BIG TIMBER — When Jackie den Boer built her Montana getaway cabin five years ago, she had one “must have” in terms of location: “I wanted a place where I could sit on the porch and not hear a single manmade sound,” said den Boer.
Her exact location, which den Boer will only say is “where the prairie meets the Rockies,” provides the privacy, wildlife and only the natural symphonies of sound she was seeking. She shared the tale of how her dream retreat embodies an eclectic Montana-meets-the-world confluence of styles and materials.
Its path to construction and completion shows den Boer’s ingenuity and appreciation of reusing available materials. The 17-by-70 foot home was built in part from the abandoned barn and farmhouse of a 1900-era homestead.
The goal was to create a pioneer-style cabin, placed to take advantage of the mountain views. “The barn was dismantled and restacked as the cabin, using the original barn wood and dimensions,” said den Boer. “The farmhouse had to be razed, but we were able to save the oak and fir floors and some beams, which we used in building the new house.”
The rugged exterior is capped by a metal roof whose inspiration came from half a world away: den Boer’s business trips to Japan. “These were the kind of uniform cover roofs I saw in Japan, but which is very different for Montana,” she explained. She traveled across the state collecting corrugated metal sheets to add to the ones found on the old homestead.
“There’s a simplicity to the lines that is very distinctive, but the style is also practical. Snow falls off the high-slope and it can withstand even 100mph winds, she exclaimed.”
When it came to a heating choice, her eyes turned back to Finland. She had spent a summer working in Helsinki, so she was already familiar with Tulikivi soapstone fireplaces when she had one installed in her Livingston home.

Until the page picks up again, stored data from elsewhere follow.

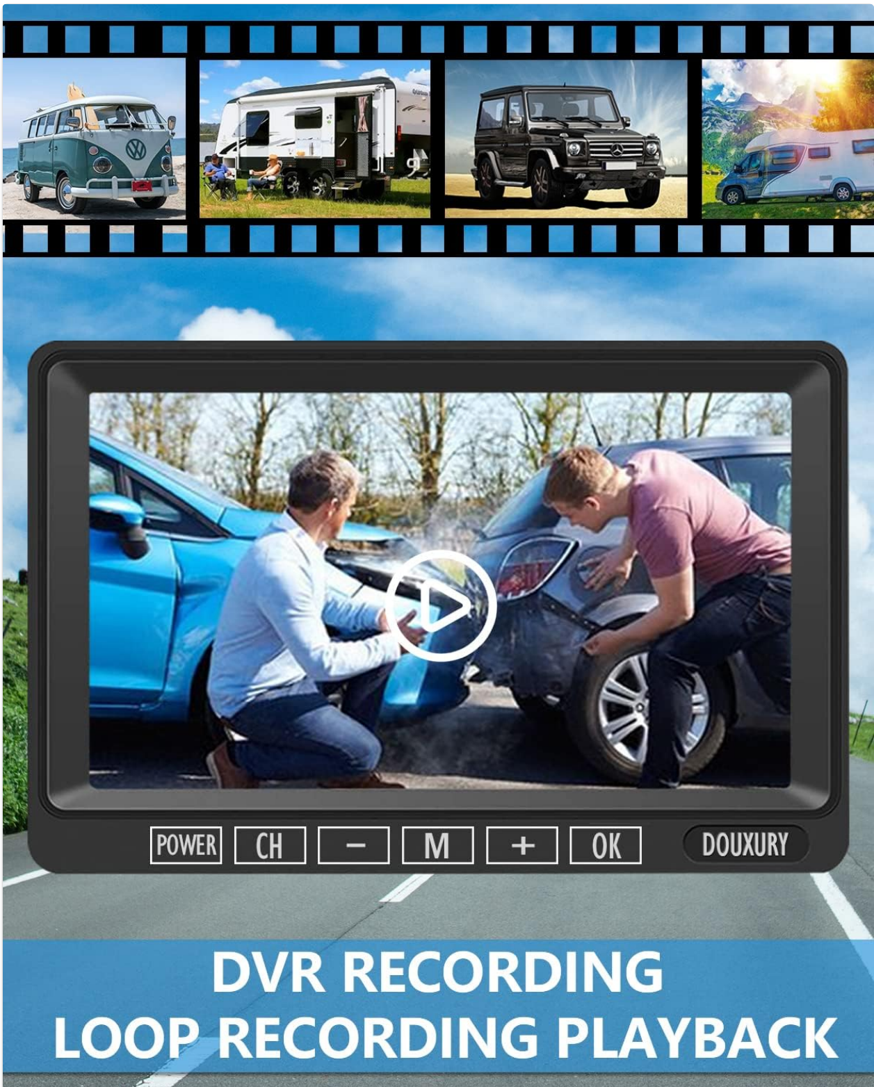
Image: Monitor displaying a clear 1080P HD image from the camera.
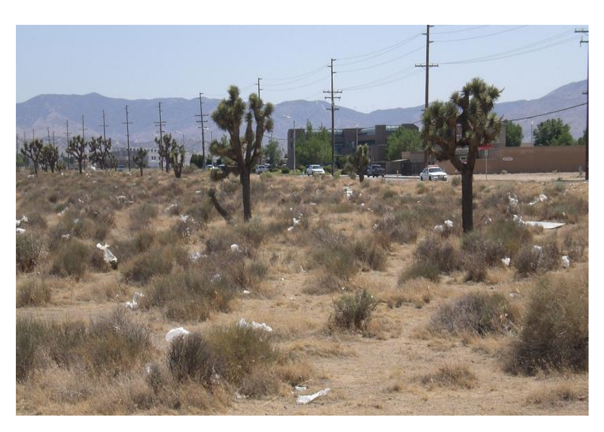
Figure 3 -- Plastic Carryout Bags Ruin The Otherwise Scenic Landscape Along Columbia Way In Palmdale

Communities within close proximity to landfills and other solid waste processing facilities are especially impacted as plastic carryout bags escape from trash trucks while traveling or emptying their loads. Although trucks and facilities are required to provide cover and fences, carryout bags manage to escape despite Best Management Practices (BMPs) including using roving patrols to pickup littered bags. Inevitably the cost for cleanup is passed on to residents in the form of higher disposal costs. Despite the efforts of various cleanup activities and thousands of residents who annually volunteer countless hours in beach, roadside (e.g., Adopt-A-Highway programs), park, and neighborhood cleanups, plastic carryout bag litter remains a significant problem.
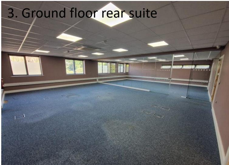
3. Ground floor rear suite
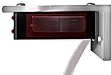
Sensor can be installed looking to the side.
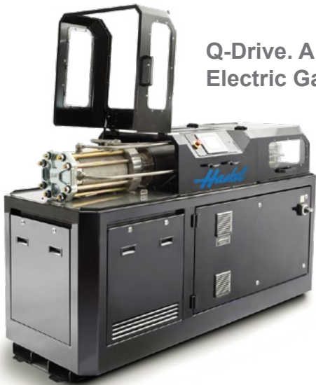
Q-Drive. A Smart, Revolutionary Electric Gas Compressor

Our reputation is built on safety, reliability, and quality, aiming to provide the highest level of service to maximize your assets' productivity and efficiency.

Plus, she absolutely loves soapstone. (She’s been collecting carved soapstone miniatures since the 1960s.) “I purchased my first Tulikivi from Ron Pihl at Warmstone Fireplaces & Designs in Livingston, Montana, seven years ago. Then, met with him again when choosing my cabin heat source,” den Boer said. “Plus, I wanted a radiant heat source to look more like Montana than Scandinavian, to keep the pioneer cabin look intact.”
Pihl added, “I was able to custom design a unit that was just the style Jackie wanted, with a soapstone bench on the unit that complements the soapstone in the kitchen and bath.”
Den Boer concluded with one other advantage of owning a wood-burning Tulikivi, aside from its radiant long-lasting heat, “I don’t even have to listen to a fuel truck coming up my road.”